*** Source information
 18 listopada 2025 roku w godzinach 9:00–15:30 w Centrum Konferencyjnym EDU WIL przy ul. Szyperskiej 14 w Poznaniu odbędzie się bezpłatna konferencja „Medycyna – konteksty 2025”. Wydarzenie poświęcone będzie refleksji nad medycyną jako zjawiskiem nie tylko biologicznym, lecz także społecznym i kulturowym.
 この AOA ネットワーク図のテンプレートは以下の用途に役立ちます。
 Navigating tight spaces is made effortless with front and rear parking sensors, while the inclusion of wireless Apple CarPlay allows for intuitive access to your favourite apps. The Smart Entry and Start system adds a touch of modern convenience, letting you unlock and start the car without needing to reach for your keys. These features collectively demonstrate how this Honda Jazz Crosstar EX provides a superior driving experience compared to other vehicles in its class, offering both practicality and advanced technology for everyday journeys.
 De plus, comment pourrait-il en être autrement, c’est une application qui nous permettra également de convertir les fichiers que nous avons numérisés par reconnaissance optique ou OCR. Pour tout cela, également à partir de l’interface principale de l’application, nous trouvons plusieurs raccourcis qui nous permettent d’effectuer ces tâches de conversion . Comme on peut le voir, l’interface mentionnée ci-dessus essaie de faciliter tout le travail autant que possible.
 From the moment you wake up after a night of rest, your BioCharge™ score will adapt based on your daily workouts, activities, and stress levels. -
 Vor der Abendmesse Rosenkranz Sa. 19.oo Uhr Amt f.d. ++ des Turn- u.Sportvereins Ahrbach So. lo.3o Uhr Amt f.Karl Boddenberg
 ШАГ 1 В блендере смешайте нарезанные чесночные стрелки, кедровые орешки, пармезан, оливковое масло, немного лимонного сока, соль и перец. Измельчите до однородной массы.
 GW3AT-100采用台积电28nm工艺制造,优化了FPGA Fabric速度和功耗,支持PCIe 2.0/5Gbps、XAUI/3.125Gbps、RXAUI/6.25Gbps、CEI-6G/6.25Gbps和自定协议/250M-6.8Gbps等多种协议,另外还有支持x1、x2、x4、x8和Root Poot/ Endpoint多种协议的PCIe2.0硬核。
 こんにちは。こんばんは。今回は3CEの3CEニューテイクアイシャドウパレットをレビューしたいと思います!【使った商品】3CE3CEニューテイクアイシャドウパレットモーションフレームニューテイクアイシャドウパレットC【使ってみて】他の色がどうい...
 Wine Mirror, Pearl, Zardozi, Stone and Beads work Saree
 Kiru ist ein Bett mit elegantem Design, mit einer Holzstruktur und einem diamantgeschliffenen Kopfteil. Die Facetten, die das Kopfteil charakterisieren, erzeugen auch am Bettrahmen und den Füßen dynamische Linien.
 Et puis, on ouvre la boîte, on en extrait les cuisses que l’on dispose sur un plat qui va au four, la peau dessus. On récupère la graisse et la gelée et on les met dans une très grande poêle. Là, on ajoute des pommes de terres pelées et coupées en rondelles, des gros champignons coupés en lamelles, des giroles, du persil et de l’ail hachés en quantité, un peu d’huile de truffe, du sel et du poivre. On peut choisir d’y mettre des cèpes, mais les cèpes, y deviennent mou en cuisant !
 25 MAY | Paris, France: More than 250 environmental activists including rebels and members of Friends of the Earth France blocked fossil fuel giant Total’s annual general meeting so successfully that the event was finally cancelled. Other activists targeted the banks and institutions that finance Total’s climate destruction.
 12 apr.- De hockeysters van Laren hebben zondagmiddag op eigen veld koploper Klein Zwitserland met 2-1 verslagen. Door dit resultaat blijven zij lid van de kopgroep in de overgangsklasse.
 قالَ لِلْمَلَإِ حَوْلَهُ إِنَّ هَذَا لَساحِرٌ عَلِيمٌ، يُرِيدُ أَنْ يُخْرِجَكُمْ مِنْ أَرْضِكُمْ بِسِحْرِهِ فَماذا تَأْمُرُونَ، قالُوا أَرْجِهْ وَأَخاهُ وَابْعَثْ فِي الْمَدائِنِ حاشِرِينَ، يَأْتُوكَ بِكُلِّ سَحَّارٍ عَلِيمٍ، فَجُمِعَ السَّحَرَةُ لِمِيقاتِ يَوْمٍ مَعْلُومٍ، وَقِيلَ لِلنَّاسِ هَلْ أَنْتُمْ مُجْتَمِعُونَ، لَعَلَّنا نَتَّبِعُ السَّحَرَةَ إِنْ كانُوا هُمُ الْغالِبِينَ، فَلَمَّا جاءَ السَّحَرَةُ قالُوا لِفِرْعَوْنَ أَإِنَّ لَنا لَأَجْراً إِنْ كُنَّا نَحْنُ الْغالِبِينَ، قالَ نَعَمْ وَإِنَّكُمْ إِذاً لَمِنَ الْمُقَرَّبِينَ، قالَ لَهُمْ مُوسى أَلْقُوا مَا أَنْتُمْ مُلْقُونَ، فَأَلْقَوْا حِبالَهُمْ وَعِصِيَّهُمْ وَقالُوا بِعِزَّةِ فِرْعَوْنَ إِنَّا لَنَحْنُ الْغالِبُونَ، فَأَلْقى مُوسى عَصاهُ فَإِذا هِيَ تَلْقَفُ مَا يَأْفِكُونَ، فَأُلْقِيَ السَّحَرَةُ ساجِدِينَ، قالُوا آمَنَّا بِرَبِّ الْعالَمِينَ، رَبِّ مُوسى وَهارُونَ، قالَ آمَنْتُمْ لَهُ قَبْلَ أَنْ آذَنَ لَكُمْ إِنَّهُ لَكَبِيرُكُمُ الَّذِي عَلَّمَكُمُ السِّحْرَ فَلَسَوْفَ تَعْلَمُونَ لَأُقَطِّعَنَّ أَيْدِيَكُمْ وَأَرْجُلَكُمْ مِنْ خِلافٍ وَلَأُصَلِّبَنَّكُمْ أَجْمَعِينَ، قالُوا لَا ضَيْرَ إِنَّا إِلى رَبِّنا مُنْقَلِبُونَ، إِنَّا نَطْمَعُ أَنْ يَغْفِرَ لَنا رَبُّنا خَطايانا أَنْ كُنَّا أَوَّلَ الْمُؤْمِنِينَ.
******
## About this task
From the first line to the last, please write out the entries exactly.

## Answer space
 18 listopada 2025 roku w godzinach 9:00–15:30 w Centrum Konferencyjnym EDU WIL przy ul. Szyperskiej 14 w Poznaniu odbędzie się bezpłatna konferencja „Medycyna – konteksty 2025”. Wydarzenie poświęcone będzie refleksji nad medycyną jako zjawiskiem nie tylko biologicznym, lecz także społecznym i kulturowym.
 この AOA ネットワーク図のテンプレートは以下の用途に役立ちます。
 Navigating tight spaces is made effortless with front and rear parking sensors, while the inclusion of wireless Apple CarPlay allows for intuitive access to your favourite apps. The Smart Entry and Start system adds a touch of modern convenience, letting you unlock and start the car without needing to reach for your keys. These features collectively demonstrate how this Honda Jazz Crosstar EX provides a superior driving experience compared to other vehicles in its class, offering both practicality and advanced technology for everyday journeys.
 De plus, comment pourrait-il en être autrement, c’est une application qui nous permettra également de convertir les fichiers que nous avons numérisés par reconnaissance optique ou OCR. Pour tout cela, également à partir de l’interface principale de l’application, nous trouvons plusieurs raccourcis qui nous permettent d’effectuer ces tâches de conversion . Comme on peut le voir, l’interface mentionnée ci-dessus essaie de faciliter tout le travail autant que possible.
 From the moment you wake up after a night of rest, your BioCharge™ score will adapt based on your daily workouts, activities, and stress levels. -
 Vor der Abendmesse Rosenkranz Sa. 19.oo Uhr Amt f.d. ++ des Turn- u.Sportvereins Ahrbach So. lo.3o Uhr Amt f.Karl Boddenberg
 ШАГ 1 В блендере смешайте нарезанные чесночные стрелки, кедровые орешки, пармезан, оливковое масло, немного лимонного сока, соль и перец. Измельчите до однородной массы.
 GW3AT-100采用台积电28nm工艺制造,优化了FPGA Fabric速度和功耗,支持PCIe 2.0/5Gbps、XAUI/3.125Gbps、RXAUI/6.25Gbps、CEI-6G/6.25Gbps和自定协议/250M-6.8Gbps等多种协议,另外还有支持x1、x2、x4、x8和Root Poot/ Endpoint多种协议的PCIe2.0硬核。
 こんにちは。こんばんは。今回は3CEの3CEニューテイクアイシャドウパレットをレビューしたいと思います!【使った商品】3CE3CEニューテイクアイシャドウパレットモーションフレームニューテイクアイシャドウパレットC【使ってみて】他の色がどうい...
 Wine Mirror, Pearl, Zardozi, Stone and Beads work Saree
 Kiru ist ein Bett mit elegantem Design, mit einer Holzstruktur und einem diamantgeschliffenen Kopfteil. Die Facetten, die das Kopfteil charakterisieren, erzeugen auch am Bettrahmen und den Füßen dynamische Linien.
 Et puis, on ouvre la boîte, on en extrait les cuisses que l’on dispose sur un plat qui va au four, la peau dessus. On récupère la graisse et la gelée et on les met dans une très grande poêle. Là, on ajoute des pommes de terres pelées et coupées en rondelles, des gros champignons coupés en lamelles, des giroles, du persil et de l’ail hachés en quantité, un peu d’huile de truffe, du sel et du poivre. On peut choisir d’y mettre des cèpes, mais les cèpes, y deviennent mou en cuisant !
 25 MAY | Paris, France: More than 250 environmental activists including rebels and members of Friends of the Earth France blocked fossil fuel giant Total’s annual general meeting so successfully that the event was finally cancelled. Other activists targeted the banks and institutions that finance Total’s climate destruction.
 12 apr.- De hockeysters van Laren hebben zondagmiddag op eigen veld koploper Klein Zwitserland met 2-1 verslagen. Door dit resultaat blijven zij lid van de kopgroep in de overgangsklasse.
 قالَ لِلْمَلَإِ حَوْلَهُ إِنَّ هَذَا لَساحِرٌ عَلِيمٌ، يُرِيدُ أَنْ يُخْرِجَكُمْ مِنْ أَرْضِكُمْ بِسِحْرِهِ فَماذا تَأْمُرُونَ، قالُوا أَرْجِهْ وَأَخاهُ وَابْعَثْ فِي الْمَدائِنِ حاشِرِينَ، يَأْتُوكَ بِكُلِّ سَحَّارٍ عَلِيمٍ، فَجُمِعَ السَّحَرَةُ لِمِيقاتِ يَوْمٍ مَعْلُومٍ، وَقِيلَ لِلنَّاسِ هَلْ أَنْتُمْ مُجْتَمِعُونَ، لَعَلَّنا نَتَّبِعُ السَّحَرَةَ إِنْ كانُوا هُمُ الْغالِبِينَ، فَلَمَّا جاءَ السَّحَرَةُ قالُوا لِفِرْعَوْنَ أَإِنَّ لَنا لَأَجْراً إِنْ كُنَّا نَحْنُ الْغالِبِينَ، قالَ نَعَمْ وَإِنَّكُمْ إِذاً لَمِنَ الْمُقَرَّبِينَ، قالَ لَهُمْ مُوسى أَلْقُوا مَا أَنْتُمْ مُلْقُونَ، فَأَلْقَوْا حِبالَهُمْ وَعِصِيَّهُمْ وَقالُوا بِعِزَّةِ فِرْعَوْنَ إِنَّا لَنَحْنُ الْغالِبُونَ، فَأَلْقى مُوسى عَصاهُ فَإِذا هِيَ تَلْقَفُ مَا يَأْفِكُونَ، فَأُلْقِيَ السَّحَرَةُ ساجِدِينَ، قالُوا آمَنَّا بِرَبِّ الْعالَمِينَ، رَبِّ مُوسى وَهارُونَ، قالَ آمَنْتُمْ لَهُ قَبْلَ أَنْ آذَنَ لَكُمْ إِنَّهُ لَكَبِيرُكُمُ الَّذِي عَلَّمَكُمُ السِّحْرَ فَلَسَوْفَ تَعْلَمُونَ لَأُقَطِّعَنَّ أَيْدِيَكُمْ وَأَرْجُلَكُمْ مِنْ خِلافٍ وَلَأُصَلِّبَنَّكُمْ أَجْمَعِينَ، قالُوا لَا ضَيْرَ إِنَّا إِلى رَبِّنا مُنْقَلِبُونَ، إِنَّا نَطْمَعُ أَنْ يَغْفِرَ لَنا رَبُّنا خَطايانا أَنْ كُنَّا أَوَّلَ الْمُؤْمِنِينَ.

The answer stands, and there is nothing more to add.